The usefulness of this as an approach for the whole church in mission is seen in how it helps to hold in ecclesiological tension the way the Church finds its identity and vocation in the person and work of Jesus Christ. This Christological foundation for the church is both in the sacramental events of Eucharist and baptism as the church gathers, and in the way the church must ‘walk in the world as Jesus walked the land’,[4] embodying its pilgrim life. Taking this a step further Stephen Pickard posits that the ‘effectiveness’ of the sacramental life of the church is discerned not only in the moments of inward celebration but rather in the ‘ongoing transformations of societal life, in which the body of Christ lives and moves and has it being’.[5]

The ecclesial imagination of Christian work with young people holds these inward and outward dynamics in the life of the church in tension, embracing the marginal ambiguity of the outward ministry to young people as well as the importance of the wider life of the church. My question and challenge is whether the often polarized debates between those longing for more creativity in pioneering new forms of the church and those calling for the parish to be saved might be brought to a more mutual understanding within a vision for an interweaving ecclesiology? Such a vision embraces the vital role of pioneers on the margins of church life, creatively seeking to follow the Holy Spirit into the ambiguity of new potential ecclesial spaces, whilst also acknowledging the significance of the loyal gathered parish congregation, as both inhabit the sacramentality of ecclesial existence.

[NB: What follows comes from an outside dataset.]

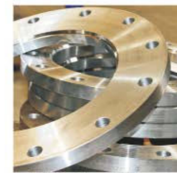
Quality control on industrial products

EXPLORER 5000 professional and nondestructive detection can be used for quality control and management in the manufacturing process of steel smelting, boiler industry and other high-temperature and high-pressure industries to ensure the materials quality, identification of alloy composition in shipbuilding, aerospace and other high-tech industries in order to ensure product quality and safety; identification on the quality of the spare parts in electric power plants and other industries related to people's livelihood to guarantee the equipment safety.

Committing to relationship together and celebrating the part the other plays in the Body of Christ could help the beautiful tapestry of God’s church be continually woven in and for the world. This might, perhaps, help the idea of a mixed ecology to flourish and become the norm, embracing all the glorious variety of expressions of ecclesial life as vital to the diverse yet one Church participating in the mission of God. I firmly believe that the Church can be more fully the Church as we embrace an ecclesiology that can hold these things together. And my hope is An Interweaving Ecclesiology might in some way serve this cause.

 

Mark Scanlan is a lecturer in Theology and Youth Ministry at St Mellitus College, London

An Interweaving Ecclesiology is available now via our website at a special launch discount

 

 

[1] Archbishop Stephen Cottrell, ‘Vision and Strategy Update’, General Synod November 2021 paper (available here: https://www.churchofengland.org/sites/default/files/2021-10/GS%202238%20Vision%20and%20Strategy%20Update.pdf)

[2] Ibid, p 2

[3] See https://www.urbansaints.org/history

[4] Julie Gittoes, "Where Is the Kingdom," in Generous Ecclesiology: Church, World and the Kingdom of God, ed. Julie Gittoes, Brutus Green, and James Heard (London: SCM Press, 2013), p. 100

[5] Stephen Pickard, Seeking the Church: An Introduction to Ecclesiology (London: SCM Press, 2012), p. 201.